Даже сегодня, в эпоху глобализации и расцвета информационных технологий, очень многие из нас путают, а то и вовсе не знают разницу между револьвером и пистолетом. Шонна, к примеру, так и не сумела этого выучить. Однако, существует очень простое и эффективное мнемоническое средство для запоминания: вставьте по одному единственному патрону в барабан револьвера и магазин пистолета, сядьте в кресло поудобнее и попытайтесь поочередно сыграть "в русскую рулетку». Начав с пистолета, вы сразу же поймете разницу между двумя этими способами общения с действительностью и никогда уже не перепутаете их. С чего начнем?

Ха-ха-ха. Вопрос для наивных дурачков: начнем мы с проверки магазинов и барабанов. Они пусты, и я даже не подумал удивиться этому обстоятельству, потому что сам вытряхнул патроны оттуда и оттуда, прежде чем положил оружие на стол. Тогда зачем я вновь проверяю патронные емкости и стволы? – Выучка тому причиной, навыки – суть условные рефлексы, доведенные почти до уровня безусловных. Это чтобы не произошло роковой случайности, связанной с неосторожным выстрелом. Ха-ха-ха, смешно.

Ну, что? Каждому по патрону, чтобы никому не обидно было? Или обоим по ватерлинию? Да, по одному патрону, именно в этом более полная справедливость, нежели я каждому накачал бы полный боевой объем, потому что у парабеллума емкость магазина в полтора раза больше, чем барабан у кольта.

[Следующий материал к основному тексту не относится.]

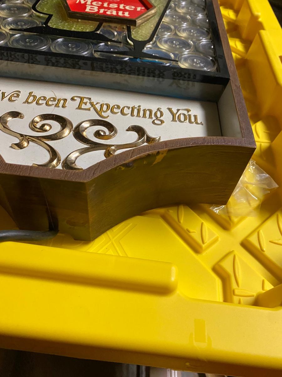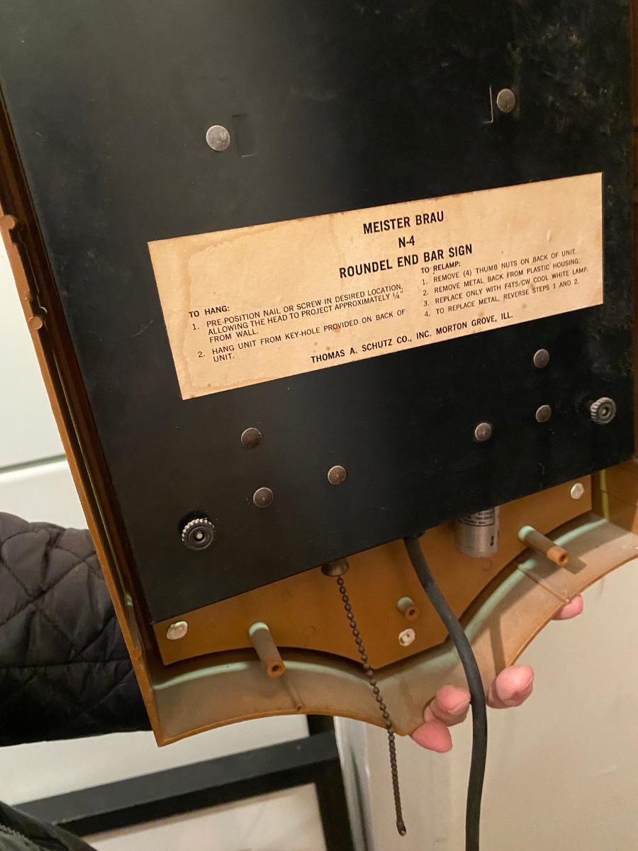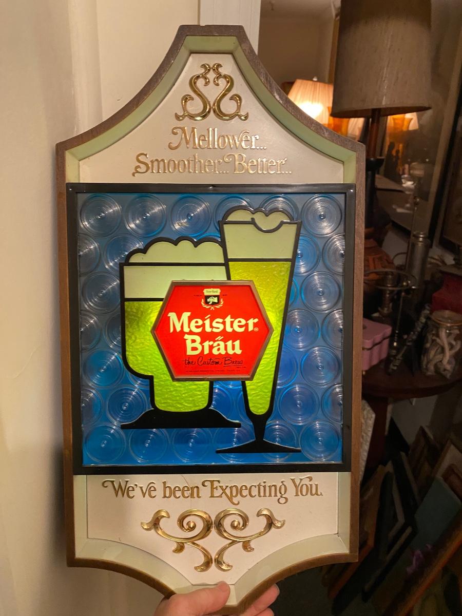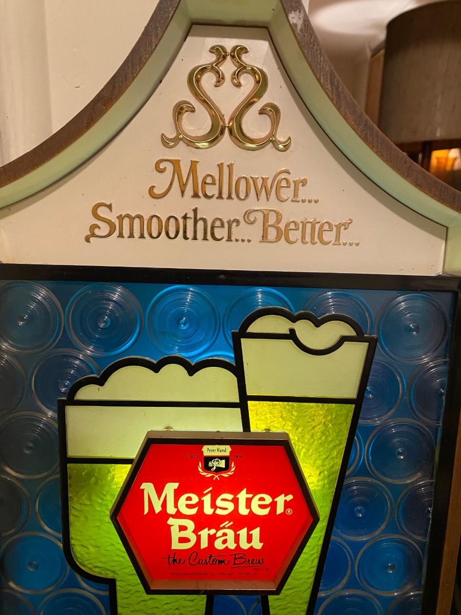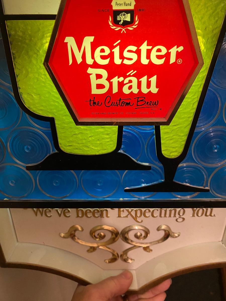 Vintage hangind Meister Brau light up bar sign. Some slight wear around edges but no cracks. 20" L x 10.5" W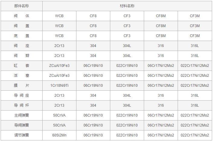 高靈敏度大流量蒸汽減壓閥零件材料: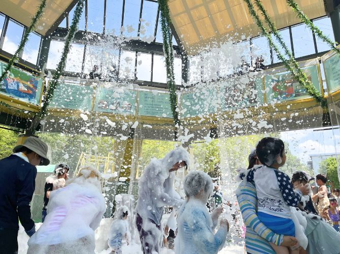 もこもこの泡が上空から一気に降り注ぐ“泡キャノン”は、子どもも大人も夢中になれるわくわく体験。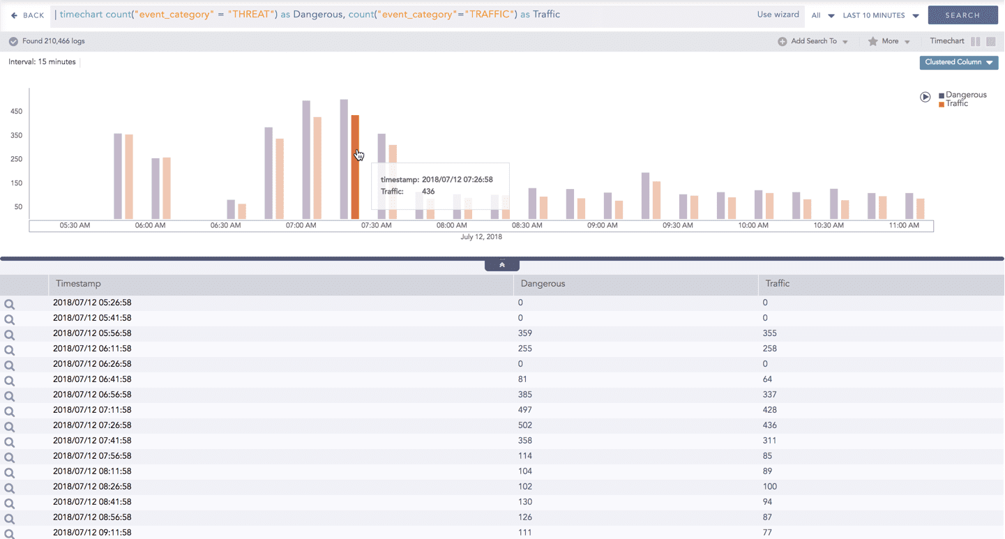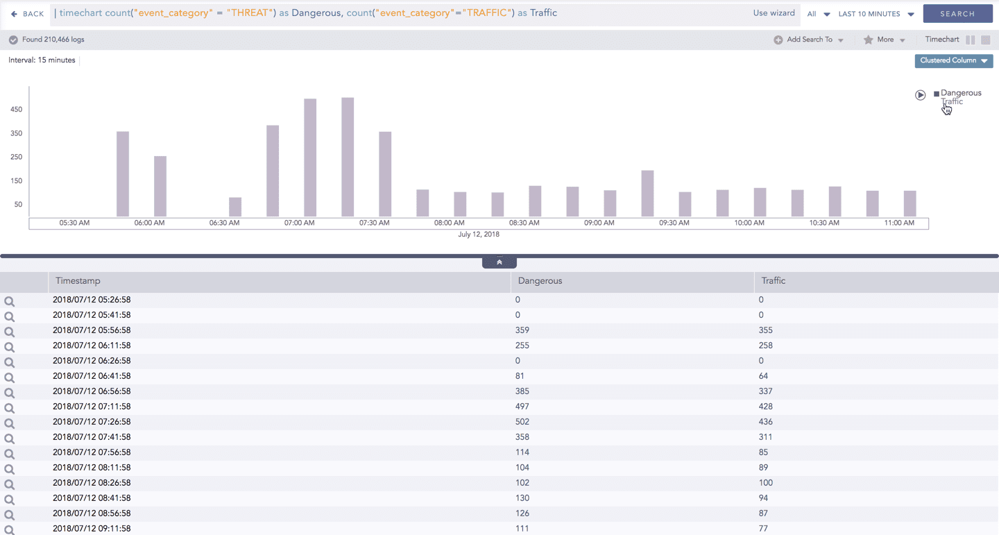 The Timechart Multiple Aggregation without Grouping response type is used for aggregation of processed logs related to the given parameters. The logs are grouped into time buckets (as a time series data) over a specified time-range.

Можно попытаться выстрелить одновременно с обеих рук, но, думаю, с точки зрения физики Ньютона – дохлая это попытка. Какова скорость вылета пули? Даже если по небольшой одинаковой считаем, по «кольтовской», предположим, двести метров в секунду. Руками я смогу почувствовать временную разницу… пусть как глазом: в одну двадцать пятую секунды… за которые пуля из кольта успеет вылететь сквозь голову на восемь метров, прежде чем я опоздавшею рукой дожму спусковой крючок парабеллума. Гипотетические восемь, потому что стена будет раньше. Если же наоборот – допускать опережение в пользу пистолета, то оно еще более разительным окажется. Если осечка воспоследует на одном из патронов, тогда – да, залп из двух стволов надежнее. Ну а что мне надежность? Осечка – еще раз повторю, хоть пять раз подряд, да только не жду я осечек, поскольку за оружием и боеприпасами всю жизнь бережно ухаживаю… ухаживал.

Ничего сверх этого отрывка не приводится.